#### [Your instructions]
Below this sentence is a listing; return exactly its lines from the one with "To check the" to the one with "Suda Balık Çiçekli", both kept, and nothing more.

*** Data records

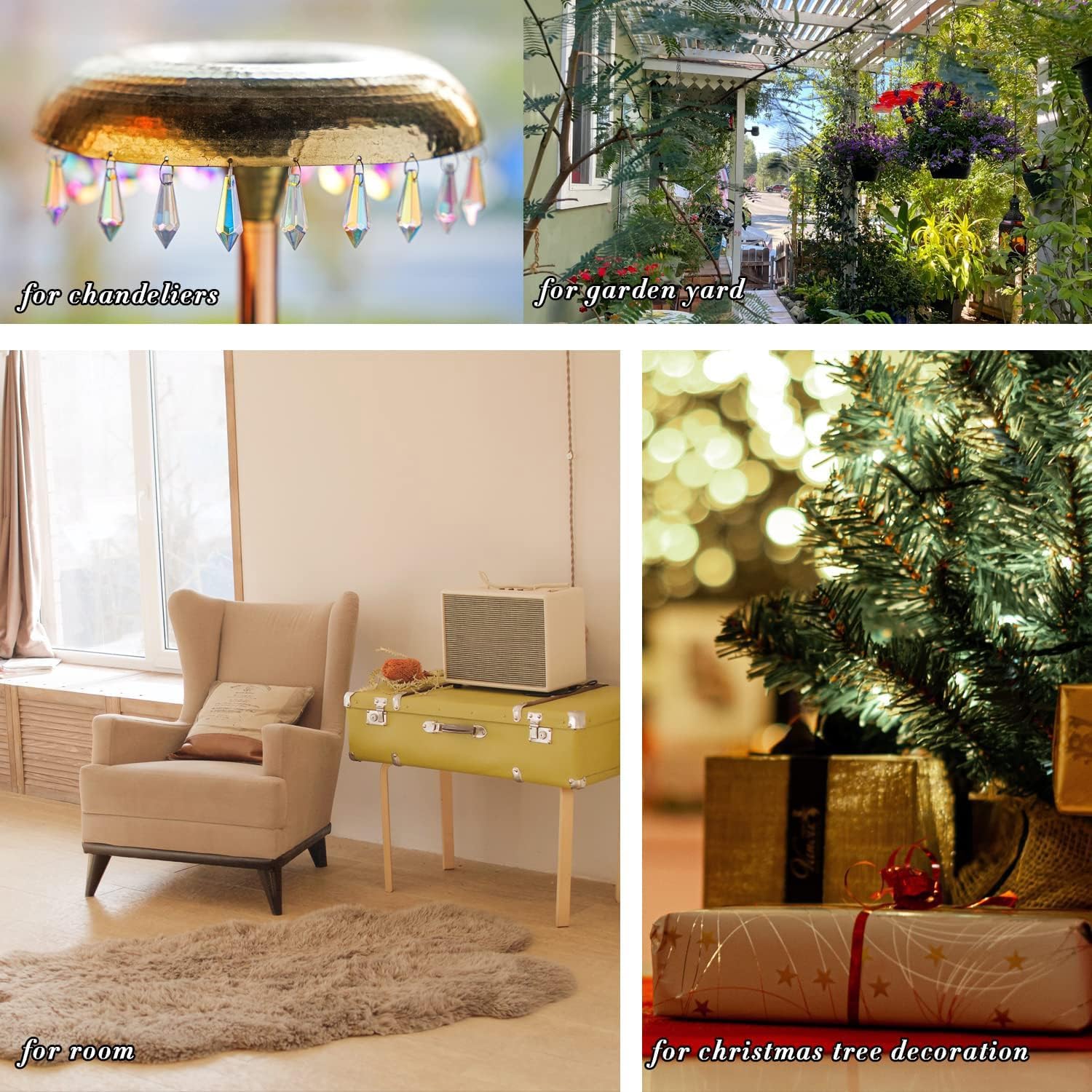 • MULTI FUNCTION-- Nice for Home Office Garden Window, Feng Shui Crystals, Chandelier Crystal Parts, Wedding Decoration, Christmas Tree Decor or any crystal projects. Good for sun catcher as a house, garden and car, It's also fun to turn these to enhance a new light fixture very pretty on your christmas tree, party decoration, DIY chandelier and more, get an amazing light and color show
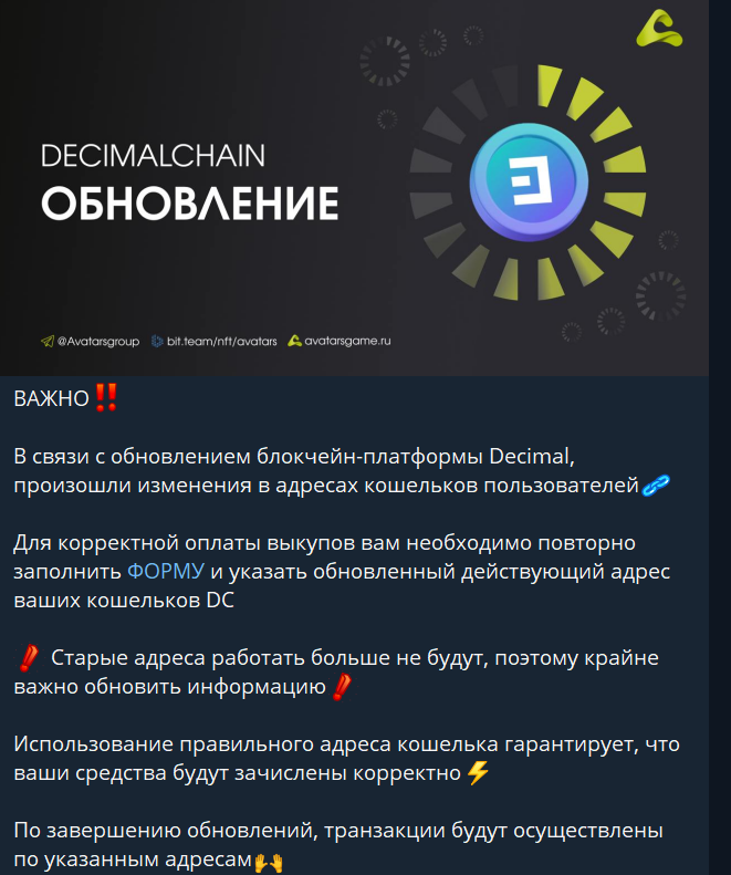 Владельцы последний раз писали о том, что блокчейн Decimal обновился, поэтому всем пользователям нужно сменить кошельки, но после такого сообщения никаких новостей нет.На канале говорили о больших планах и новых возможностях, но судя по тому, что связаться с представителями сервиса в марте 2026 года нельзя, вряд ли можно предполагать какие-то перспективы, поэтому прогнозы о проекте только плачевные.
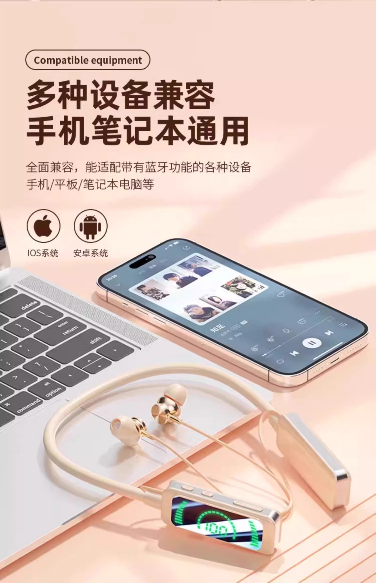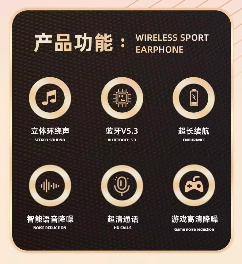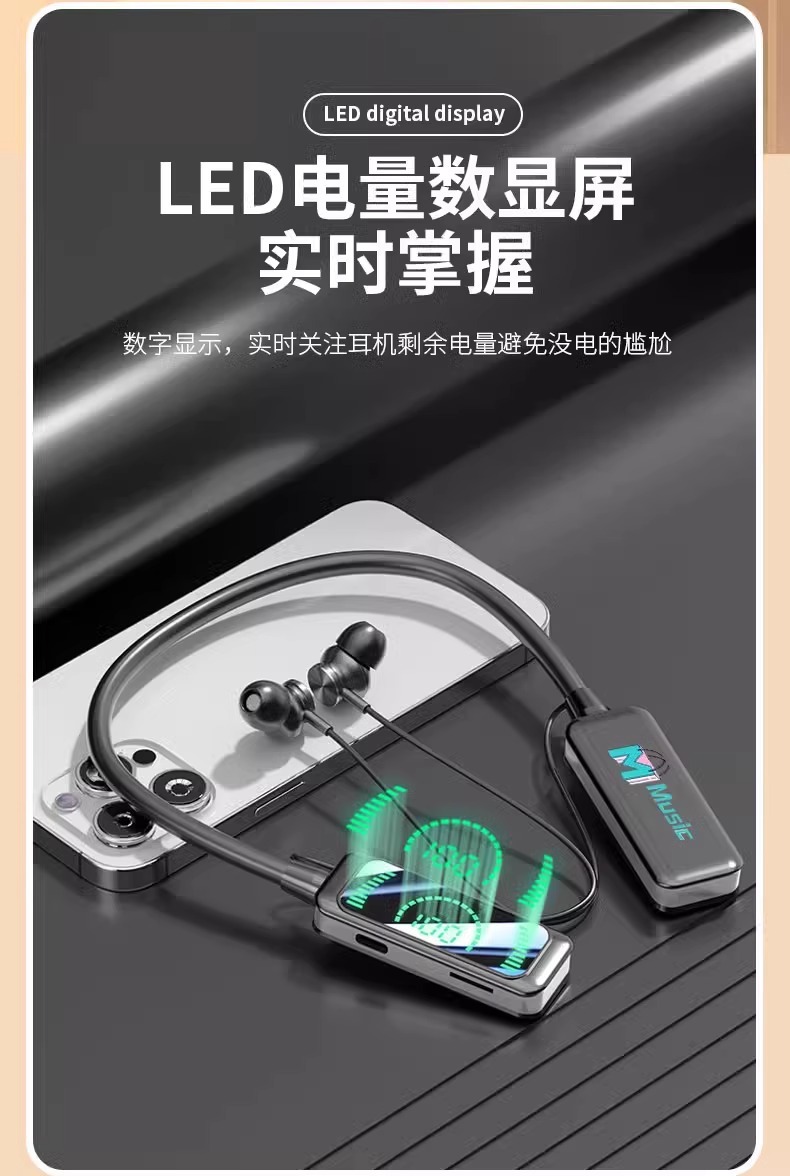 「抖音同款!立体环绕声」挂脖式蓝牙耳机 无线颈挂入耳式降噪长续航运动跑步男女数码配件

******
*** Data records

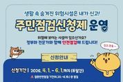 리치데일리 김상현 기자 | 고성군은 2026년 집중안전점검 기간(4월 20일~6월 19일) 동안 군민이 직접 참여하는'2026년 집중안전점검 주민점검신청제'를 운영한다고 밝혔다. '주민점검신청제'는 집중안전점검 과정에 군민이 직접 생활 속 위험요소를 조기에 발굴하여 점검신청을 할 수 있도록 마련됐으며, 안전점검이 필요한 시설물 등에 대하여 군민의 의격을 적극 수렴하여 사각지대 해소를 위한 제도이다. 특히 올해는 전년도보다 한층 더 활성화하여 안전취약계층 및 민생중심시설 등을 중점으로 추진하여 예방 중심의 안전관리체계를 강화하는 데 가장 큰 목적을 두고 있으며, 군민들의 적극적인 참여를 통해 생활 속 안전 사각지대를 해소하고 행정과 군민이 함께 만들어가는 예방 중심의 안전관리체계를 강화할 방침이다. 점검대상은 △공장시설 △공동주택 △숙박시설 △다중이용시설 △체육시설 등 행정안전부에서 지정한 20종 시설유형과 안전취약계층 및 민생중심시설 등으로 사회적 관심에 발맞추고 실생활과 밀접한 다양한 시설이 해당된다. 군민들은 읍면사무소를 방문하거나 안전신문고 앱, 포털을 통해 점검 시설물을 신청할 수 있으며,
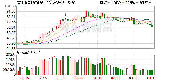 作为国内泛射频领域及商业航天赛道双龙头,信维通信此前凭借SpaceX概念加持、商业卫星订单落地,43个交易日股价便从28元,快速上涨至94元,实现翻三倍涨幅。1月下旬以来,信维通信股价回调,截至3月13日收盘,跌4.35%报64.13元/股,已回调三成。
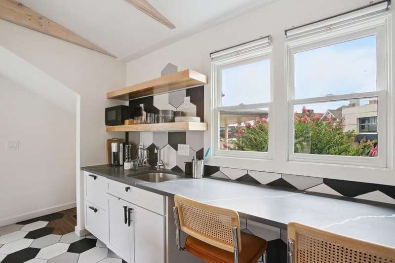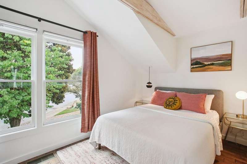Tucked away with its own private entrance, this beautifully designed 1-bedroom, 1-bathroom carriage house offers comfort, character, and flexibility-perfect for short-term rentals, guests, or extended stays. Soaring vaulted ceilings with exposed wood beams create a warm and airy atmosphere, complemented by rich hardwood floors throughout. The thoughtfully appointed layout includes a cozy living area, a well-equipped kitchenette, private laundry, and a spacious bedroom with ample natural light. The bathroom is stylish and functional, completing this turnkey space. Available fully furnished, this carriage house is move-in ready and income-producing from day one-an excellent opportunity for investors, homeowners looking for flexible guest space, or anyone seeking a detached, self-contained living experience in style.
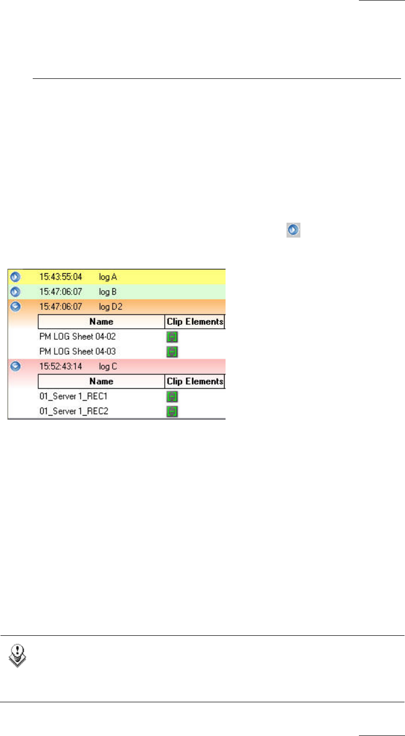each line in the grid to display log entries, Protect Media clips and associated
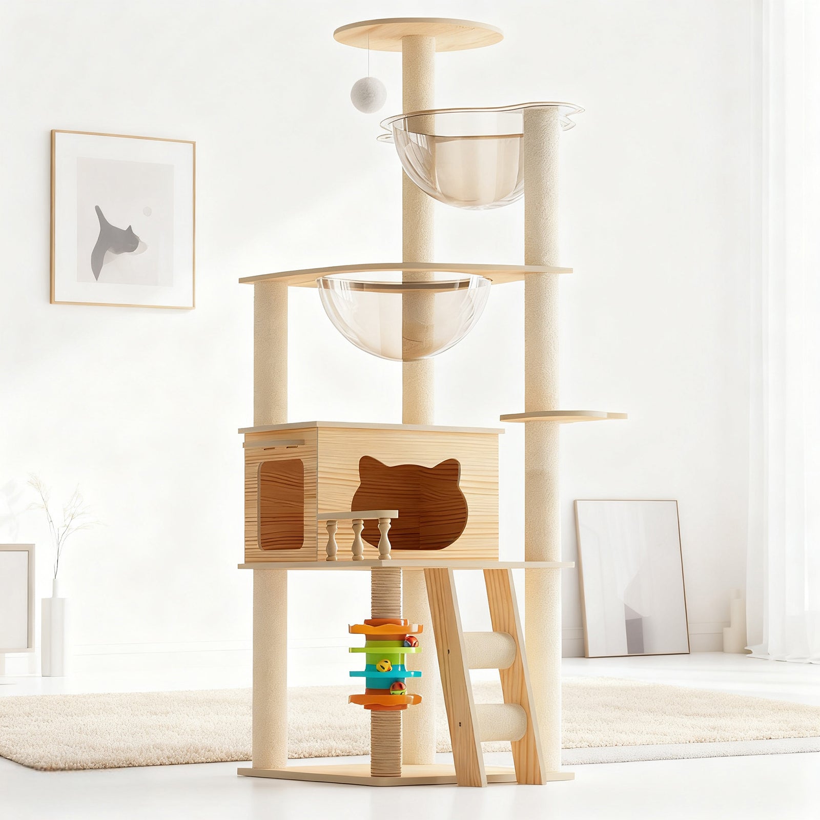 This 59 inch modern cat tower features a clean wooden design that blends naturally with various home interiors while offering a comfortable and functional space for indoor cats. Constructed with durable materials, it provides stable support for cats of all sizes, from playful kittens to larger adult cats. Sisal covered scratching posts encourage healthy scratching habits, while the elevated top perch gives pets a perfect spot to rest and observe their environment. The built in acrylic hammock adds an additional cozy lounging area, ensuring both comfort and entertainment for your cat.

******
*** Data records

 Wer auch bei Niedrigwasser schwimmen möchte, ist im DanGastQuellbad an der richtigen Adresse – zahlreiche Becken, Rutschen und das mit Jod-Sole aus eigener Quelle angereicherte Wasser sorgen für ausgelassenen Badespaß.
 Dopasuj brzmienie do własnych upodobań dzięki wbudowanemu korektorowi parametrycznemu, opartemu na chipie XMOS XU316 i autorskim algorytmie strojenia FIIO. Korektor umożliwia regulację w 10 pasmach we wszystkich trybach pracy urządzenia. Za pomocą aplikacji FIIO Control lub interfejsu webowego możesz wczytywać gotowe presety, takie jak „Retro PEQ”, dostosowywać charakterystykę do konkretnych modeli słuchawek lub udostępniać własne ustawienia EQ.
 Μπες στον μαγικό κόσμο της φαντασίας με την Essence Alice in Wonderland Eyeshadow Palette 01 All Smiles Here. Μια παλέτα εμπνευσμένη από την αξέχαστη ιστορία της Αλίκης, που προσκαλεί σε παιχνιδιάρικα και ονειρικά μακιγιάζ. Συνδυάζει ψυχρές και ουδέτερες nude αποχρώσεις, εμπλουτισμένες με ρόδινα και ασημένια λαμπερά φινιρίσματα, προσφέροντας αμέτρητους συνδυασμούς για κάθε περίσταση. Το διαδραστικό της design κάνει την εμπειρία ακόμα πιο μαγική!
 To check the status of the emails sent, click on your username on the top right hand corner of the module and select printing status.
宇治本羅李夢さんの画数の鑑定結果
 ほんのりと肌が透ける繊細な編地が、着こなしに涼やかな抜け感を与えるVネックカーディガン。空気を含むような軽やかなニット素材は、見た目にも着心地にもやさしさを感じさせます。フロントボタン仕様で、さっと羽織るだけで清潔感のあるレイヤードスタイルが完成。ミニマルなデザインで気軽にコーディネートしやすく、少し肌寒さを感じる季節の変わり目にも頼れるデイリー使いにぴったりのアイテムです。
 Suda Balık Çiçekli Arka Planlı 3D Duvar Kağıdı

******

#### [Solution]
 To check the status of the emails sent, click on your username on the top right hand corner of the module and select printing status.
宇治本羅李夢さんの画数の鑑定結果
 ほんのりと肌が透ける繊細な編地が、着こなしに涼やかな抜け感を与えるVネックカーディガン。空気を含むような軽やかなニット素材は、見た目にも着心地にもやさしさを感じさせます。フロントボタン仕様で、さっと羽織るだけで清潔感のあるレイヤードスタイルが完成。ミニマルなデザインで気軽にコーディネートしやすく、少し肌寒さを感じる季節の変わり目にも頼れるデイリー使いにぴったりのアイテムです。
 Suda Balık Çiçekli Arka Planlı 3D Duvar Kağıdı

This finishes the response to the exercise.